Fueled by his teaching motivation and interest in his research, Wingfield has been a valuable addition to the Brandeis faculty. Until this semester, he has taught "Human Neuropsychology," a semester-long course offered each year that focuses on the physiology of the brain relating to neurological behavior.
Wingfield conducted his work on age-related hearing loss at the Volen National Center for Complex Systems and Department of Psychology at Brandeis.
The study involved 179 and 150 fraternal male twin pairs from the Vietnam Era Twin Registry, ranging in age from 52 to 60 years, according to the article in Bio-Medicine. Auditory testing was proctored under hearing parameters ranging from 500 herz to 8,000 herz, a difference that can be compared to that of a fifth-octave piano note versus the high pitch threshold for human speech.
Wingfield had the veterans re-tested every few years, because it was "necessary to plot the rate of change in accordance to understanding risk factors such as ototoxicity and acoustic trauma."
The data from Wingfield's study accounts for variance in two-thirds of the subjects' dominant ears, and for half the variance observed in the subjects' weaker ears.
"Our goal," Wingfield explained, "is to be able to look at hearing loss based on these ratio changes of heritability."
Certain genes are surmised to play a significant role in hearing loss, and this information can be helpful in identifying individuals at risk for hearing loss. Two vulnerable groups for future study involve those prone to suffering from noise exposure or audio-disruptive medication.
Inside the Memory and Cognition Lab on the third floor of Volen, neuroscientists are conducting other studies in neuroscience.
According to Wingfield, a "handful of neuroscientists," including 12 graduate students, a few senior honors students and a couple of paid research positions, currently run the lab in his absence. The department is currently studying speech comprehension, focusing on examining changes in older individuals.
"Major areas of our research revolve around aspects of language, such as speech compression and prosody," says Tepring Piquado, a graduate student who works in the lab.

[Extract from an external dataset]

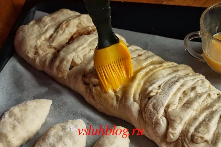 Переложите пирог на противень и оставьте на 20-30 минут для расстойки. Перед выпеканием смажьте поверхность взбитым яйцом. Выпекайте при 200 гр до аппетитной корочки.
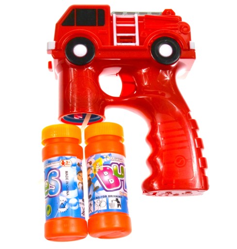 Безпроблемний пістолет для випуску мильних бульбашок, просто вкрутіть рідину, що входить в комплект, натиснувши на курок пістолета ми отримаємо магію сотень мильних бульбашок і додатково світлові ефекти і звуки справжньої пожежної команди.

Piquado, a third-year neuroscience student working on her thesis, described two particular experiments involving sentence syntax.
The first study involves prosody in the right hemisphere of stroke patients in varying age groups. ""Subjects hear sentence fragments, then are asked to complete the sentence so that it makes grammatical sense to them," Piquado said. "Their response to sentences without timing or without pitch signal, which cue they are relying on to understand syntax."
The second experiment "re-investigated an old study, which reveals pupil dilation during attentive listening," Piquado said. Our pupils dilate when attempting to memorize characters such as letters and digits and contract during recitation from memory. Complexity and pupil dilation seem to be linked and are thus measured in the lab through complex sentences of subject-relative and object-relative clauses.
Wingfield remains eager and optimistic about the future of his scientific research.
"There are always two things I was passionate about: teaching and research," he says. "These two support one another, and as long as I can do both, I am cooping up at Brandeis until the grants are exhausted.